Every record must be restated exactly. Drop the images.

*** Supplied material ***

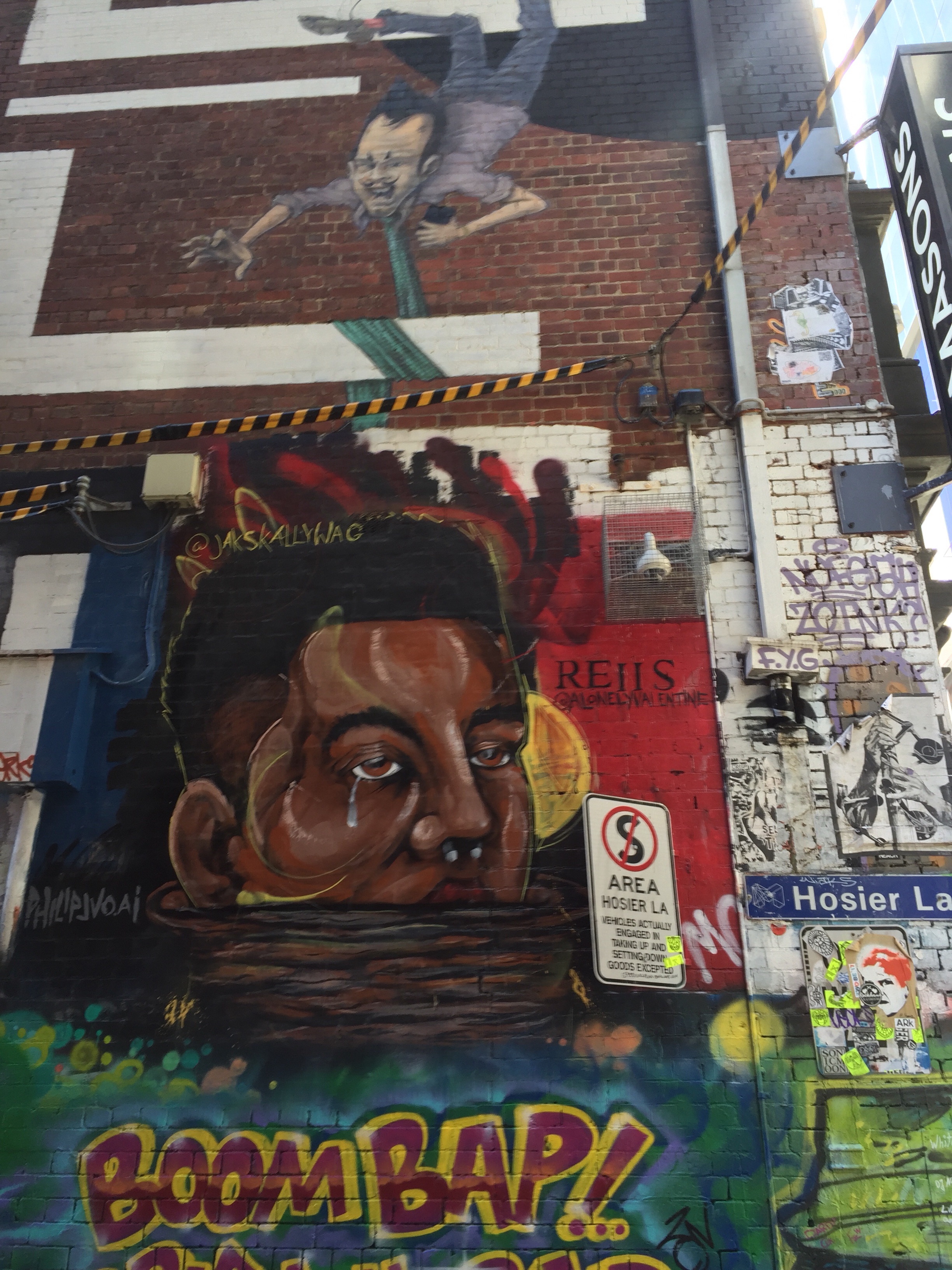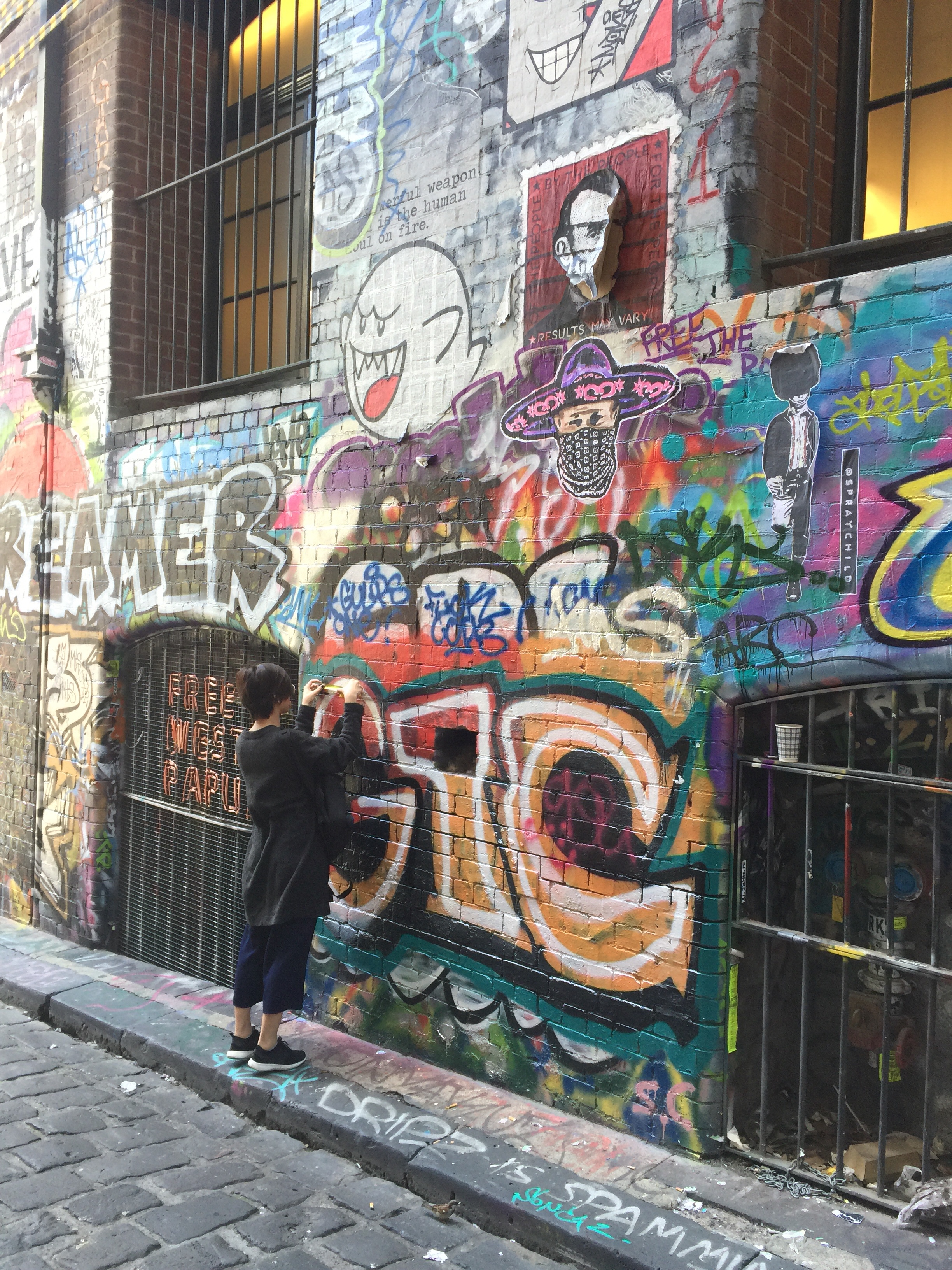 Lovely surprise. The dizzying array of colours, characters and creative shapes, Hosier Lane is like the canvas of the city or the whole nation. It attracts the artists around the globe, I watched a girl studied the paints carefully even used the ruler for measurements. The lady works at Movida – one of city’s best tapa restaurants sitting in the outside chair for a cigarette, and she somehow contrarily immersed into this colourful mayhem of the street art.
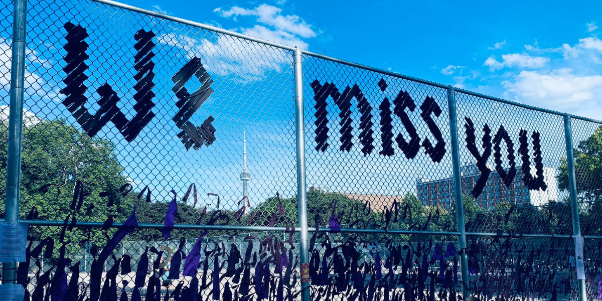 In Toronto, HAC is planning a series of community-led art installations and direct actions taking place over the day. We invite everyone to gather with us at “The Cube” at Scadding Court (707 Dundas St W) from 2pm onward on August 31. A procession to the vigil will depart at 6pm, following a winding route, illuminating dark alleyways and ending at the art installation at Trinity Bellwoods Park where the words “We miss you” were woven into the tennis court fence for last year’s event. The vigil will commence at 7:30pm, when all participants will be invited to then add to the installation with ribbons to memorialize lost ones. There will also be speakers and a grief tent.
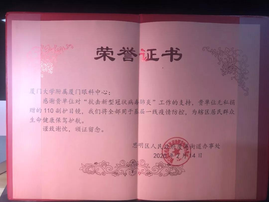 在中華街道辦,街道在LED大屏上打上了“感謝廈門大學(xué)附屬?gòu)B門眼科中心向中華街道捐贈(zèng)護(hù)目鏡”;廈港街道辦為醫(yī)院頒發(fā)了榮譽(yù)證書;還有湖里街道辦、金山街道辦等街道也寫了一封封誠(chéng)摯的感謝信。
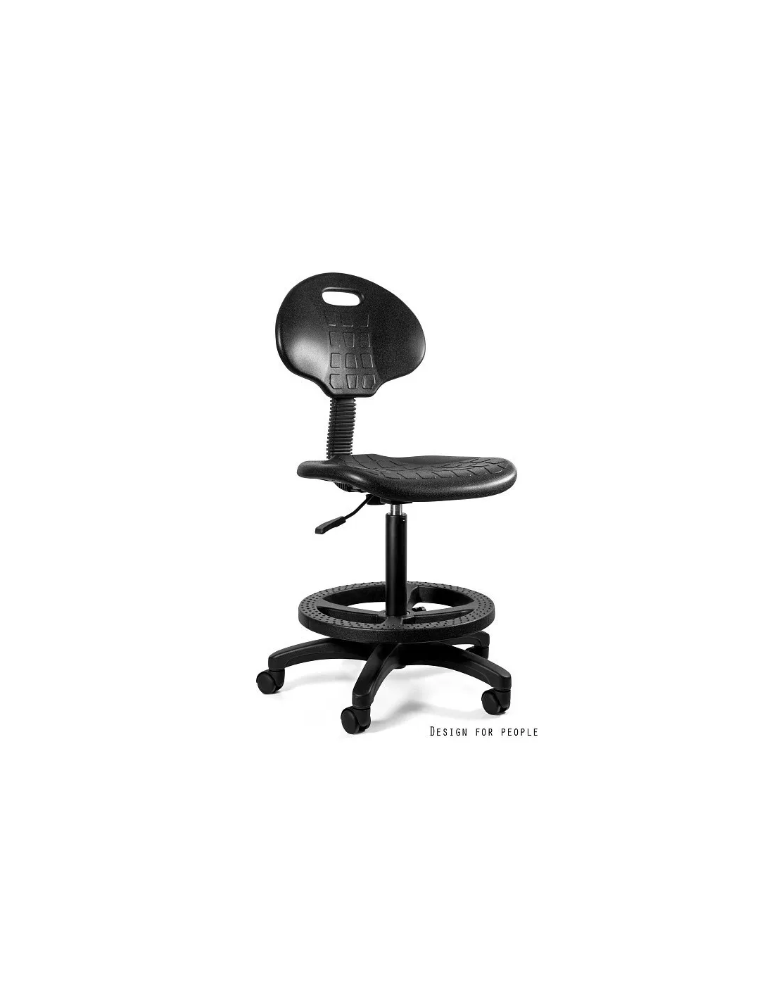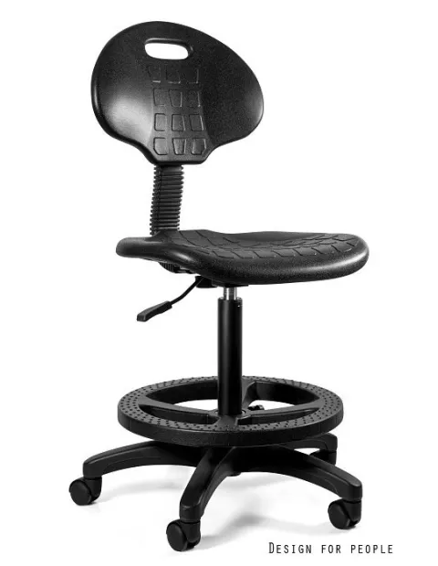 Poliuretan, z jakiego wykonane jest siedzisko i oparcie to antypoślizgowe, łatwo-zmywalne tworzywo, cechujące się także trwałością i odpornością na uszkodzenia. Dzięki oparciu praca laboratoryjna stanie się bardziej komfortowa a uchwyt w oparciu umożliwi łatwiejsze przesuwanie mebla. Halcon bez problemu nadaje się do dezynfekcji i czyszczenia. Dzięki temu, że siedzisko jest obrotowe a podstawa na kółkach - można bez wstawania przemieszczać się po pomieszczeniu, co jest także bardzo wygodne i praktyczne. Regulowana wysokość siedziska, pozwala dopasować taboret zarówno do potrzeb lekarza, laboranta jak i pacjenta. Podnóżek z antypoślizgowymi wypustkami, przyda się podczas dłuższej pracy i dla poczucia komfortu.
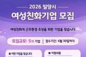[ 한국미디어뉴스 최정화 기자 ] 경남 밀양시는 여성의 경제활동 참여를 독려하고, 일과 가정이 조화로운 기업 문화를 확산하기 위해 오는 4월 30일까지 ‘2026년 밀양형 여성친화기업’을 모집한다. 경남 도내 최초로 도입된 밀양형 여성친화기업 인증제도는 여성 근로자가 일하기 좋은 환경을 갖춘 기업을 발굴·인증하고, 다양한 행정·재정적 인센티브를 제공함으로써 지역 내 여성 친화적 고용 환경을 조성하는 데 목적이 있다. 신청 대상은 밀양시에 사업장을 두고 있으며, 근로자 5인 이상 기업 중 여성 근로자 비율이 20% 이상인 곳이다. 참여를 희망하는 기업은 4월 30일까지 밀양시 여성가족과로 방문하거나 우편 또는 이메일을 통해 신청서를 제출하면 된다. 시는 접수된 기업을 대상으로 현장 실사를 거쳐 최종 인증 기업을 선정할 계획이다. 인증 기업에는 연차별로 ▲1년 차에는 기업환경개선 지원 ▲2년 차부터는 여성친화 직장문화 조성 지원 등 단계별 인센티브를 지원한다. 이 외에도 ▲여성친화기업 인증패 수여 ▲찾아가는 양성평등 교육 ▲우수기업인 표창 추천 ▲밀양시 기업지원 보조금 사업 가점 부여 등 다양한 혜택

*** End of Supplied material ***

▶ **Task response**:
 Lovely surprise. The dizzying array of colours, characters and creative shapes, Hosier Lane is like the canvas of the city or the whole nation. It attracts the artists around the globe, I watched a girl studied the paints carefully even used the ruler for measurements. The lady works at Movida – one of city’s best tapa restaurants sitting in the outside chair for a cigarette, and she somehow contrarily immersed into this colourful mayhem of the street art.
 In Toronto, HAC is planning a series of community-led art installations and direct actions taking place over the day. We invite everyone to gather with us at “The Cube” at Scadding Court (707 Dundas St W) from 2pm onward on August 31. A procession to the vigil will depart at 6pm, following a winding route, illuminating dark alleyways and ending at the art installation at Trinity Bellwoods Park where the words “We miss you” were woven into the tennis court fence for last year’s event. The vigil will commence at 7:30pm, when all participants will be invited to then add to the installation with ribbons to memorialize lost ones. There will also be speakers and a grief tent.
 在中華街道辦,街道在LED大屏上打上了“感謝廈門大學(xué)附屬?gòu)B門眼科中心向中華街道捐贈(zèng)護(hù)目鏡”;廈港街道辦為醫(yī)院頒發(fā)了榮譽(yù)證書;還有湖里街道辦、金山街道辦等街道也寫了一封封誠(chéng)摯的感謝信。
 Poliuretan, z jakiego wykonane jest siedzisko i oparcie to antypoślizgowe, łatwo-zmywalne tworzywo, cechujące się także trwałością i odpornością na uszkodzenia. Dzięki oparciu praca laboratoryjna stanie się bardziej komfortowa a uchwyt w oparciu umożliwi łatwiejsze przesuwanie mebla. Halcon bez problemu nadaje się do dezynfekcji i czyszczenia. Dzięki temu, że siedzisko jest obrotowe a podstawa na kółkach - można bez wstawania przemieszczać się po pomieszczeniu, co jest także bardzo wygodne i praktyczne. Regulowana wysokość siedziska, pozwala dopasować taboret zarówno do potrzeb lekarza, laboranta jak i pacjenta. Podnóżek z antypoślizgowymi wypustkami, przyda się podczas dłuższej pracy i dla poczucia komfortu.
[ 한국미디어뉴스 최정화 기자 ] 경남 밀양시는 여성의 경제활동 참여를 독려하고, 일과 가정이 조화로운 기업 문화를 확산하기 위해 오는 4월 30일까지 ‘2026년 밀양형 여성친화기업’을 모집한다. 경남 도내 최초로 도입된 밀양형 여성친화기업 인증제도는 여성 근로자가 일하기 좋은 환경을 갖춘 기업을 발굴·인증하고, 다양한 행정·재정적 인센티브를 제공함으로써 지역 내 여성 친화적 고용 환경을 조성하는 데 목적이 있다. 신청 대상은 밀양시에 사업장을 두고 있으며, 근로자 5인 이상 기업 중 여성 근로자 비율이 20% 이상인 곳이다. 참여를 희망하는 기업은 4월 30일까지 밀양시 여성가족과로 방문하거나 우편 또는 이메일을 통해 신청서를 제출하면 된다. 시는 접수된 기업을 대상으로 현장 실사를 거쳐 최종 인증 기업을 선정할 계획이다. 인증 기업에는 연차별로 ▲1년 차에는 기업환경개선 지원 ▲2년 차부터는 여성친화 직장문화 조성 지원 등 단계별 인센티브를 지원한다. 이 외에도 ▲여성친화기업 인증패 수여 ▲찾아가는 양성평등 교육 ▲우수기업인 표창 추천 ▲밀양시 기업지원 보조금 사업 가점 부여 등 다양한 혜택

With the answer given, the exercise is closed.